The news report focussed on a new taxi service, where drivers speak the language of their passengers, and groups of tourists can hire the cars at fairly reasonable prices to spend a morning or afternoon touring the region, much as visitors here like to see the Giant’s Causeway or the Mountains of Mourne.

Some evenings I’m left wondering does the British Broadcasting Corporation know where Britain is, so obsessed is it with reporting from the far corners of the world. Happily, this was not the case in France, nor is it with RTE’s national news, which strikes a much better balance between news from home and abroad.

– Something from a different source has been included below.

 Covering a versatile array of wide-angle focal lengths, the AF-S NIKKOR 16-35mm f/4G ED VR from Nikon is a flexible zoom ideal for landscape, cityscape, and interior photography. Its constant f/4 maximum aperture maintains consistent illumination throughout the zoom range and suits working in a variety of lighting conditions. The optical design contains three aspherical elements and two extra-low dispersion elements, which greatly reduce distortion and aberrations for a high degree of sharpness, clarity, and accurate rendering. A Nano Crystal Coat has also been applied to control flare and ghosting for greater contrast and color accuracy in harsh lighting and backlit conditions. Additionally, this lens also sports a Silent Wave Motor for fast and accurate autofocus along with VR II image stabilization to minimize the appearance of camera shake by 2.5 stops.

At any rate, I look forward next year in the holiday month of July or August to the BBC featuring lots of stories from Northern Ireland and I think this is challenge for the excellent Mark Simpson, its new Ireland correspondent. Good luck, Mark. Imagine the city centre of Belfast or Londonderry. It’s Friday night late. At least 10,000 people, young and old, are on the streets. There is lots of alcohol everywhere.

Imagine indeed. Does anyone doubt that such a gathering in this country, or more so in cities across the water, would be a recipe for yob drunkenness and trouble? That thought went through my mind as I sat beside Madame, the Mayor of Montpellier, in south-west France, in the warm evening air of her city last week. We were surrounded by 12,000 locals and tourists in the Place de la Comedie.

It was an extraordinary sight. The setting was the equivalent of the grounds of Belfast City Hall and Donegal Place or around the Guildhall in Derry and Waterloo Place. But there the comparison ended because there was hardly a police officer in sight nor the slightest hint of an angry word or any disturbance.

I asked myself why should this be? What’s so different in our make-up? Is there something in our body politic, in our behaviour, that is inherently foul because it seems no night here is complete without drunken rows, screaming police sirens, and young people behaving badly.

Every Friday night this summer, Montpellier has run its massively successful street festival without any apparent problems. Wine, by the glass and the bottle, is everywhere because the city is surrounded by vineyards. Yet I didn’t see a single person falling over or looking unduly inebriated.

Of course to be seen drunk in public in France is regarded as a social stigma. In contrast, Northern Ireland’s double Smirnoff and Harp six-pack brigade aspire to a state of leglessness every weekend. Until someone, somewhere mounts a campaign — as has happened with drink driving and with smoking — to change that habit, the image of our towns and cities will continue to suffer.

Every now and then, we will also have the appalling headlines of unsuspecting visitors attacked in our streets, as has happened in the past year. I know that councils and mayors are criticised for embarking on junkets to foreign places but I would strongly recommend civic officials to visit Montpellier and not just for the Friday night experience.

Not for nothing is Montpellier one of the fastest-growing cities in Europe. It may be small but it has transformed itself in the past decade from a fairly mundane place into a vibrant, youthful and increasingly attractive location to live.

In so many ways, it has done what other places have not. There is a modern tram system. Car traffic is restricted but car parking is in abundance. It is a pleasure to walk the pedestrianised streets of the centre. A new state of the art sports stadium puts Northern Ireland’s appalling tardiness on this subject into perspective. Montpellier is also capital of a region, dependent for centuries on the land — just like Northern Ireland — but which has become the focus of a new drive in technology and attracted new industry.

I know we all see far off fields as greener but this is one small city from which I believe we could learn. So I say to the mayors of Belfast and Derry, if you go on a junket to Montpellier, I won’t complain.